Week Three Useful Problem
A. Determine T(n) intended for n sama dengan 6, several, & 8.
T(7)= (2*6*10*14*18)/(7-1)! =42
T(8)= (2*6*10*14*18*22)/(8-1)! =132
B. Do you really detect a pattern to these numbers? This kind of pattern may possibly arise out of the numbers or the manner in which you generated triangulations. (A closed-form function for T(n) is relatively straightforward, yet is fairly nontrivial to construct; you can't have to explore that here. )
The pattern for the numbers can be described using the formula: T(n)=2*6*10... (4n-10)/(n-1)!. You add several to the earlier amount from the upper part of the equation and then multiply.
C. How could T(n) alter if you disregarded the vertices' distinctness? That is certainly, if you take away the labels, and say two triangulations happen to be identical in the event that one can be transformed into the other via a rotation or possibly a reflection, how exactly does this modify T(n) pertaining to n sama dengan 4, 5, 6, several, & almost eight?

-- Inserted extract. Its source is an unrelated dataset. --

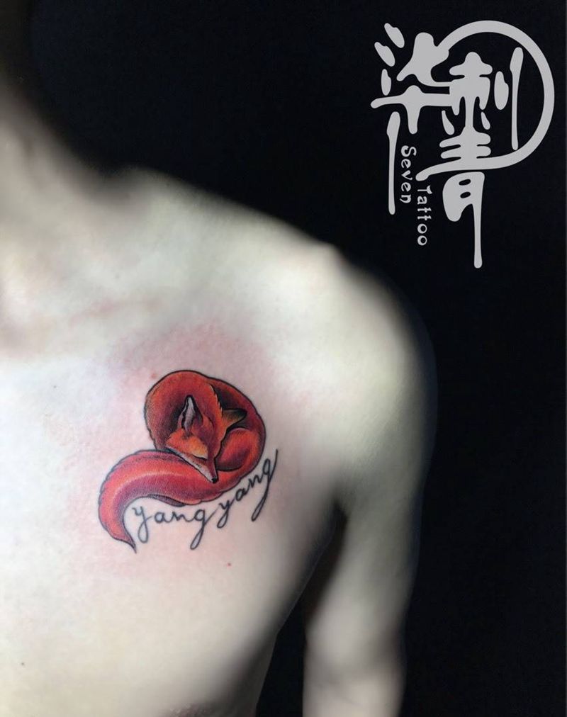 当前位置: 首页 >河北省石家庄市纹身店-柒刺青纹身纹身图案>狐狸纹身图片_成品颈部肩部清新传统欧美动物纹身图案

I think that the amount of triangulations would be lower while the amount of edges increases when compared to what the solutions are now. This is due to if the range reflect or can be rotated and balanced on to the other person, which a lot of them do, chances are they would be counted as one producing the overall item decrease. Considering them independently makes for even more triangulations.
M. What result does comforting the convexity restriction have got on T(n)? See how T(n) changes intended for n = 4, five, & 6th. Do you visit a pattern?
Comforting the constraints on these three polygons does not essentially really make any difference. Their solutions would be the same since none of them can rotate or reflect onto each other causing non-e of the lines to be similar.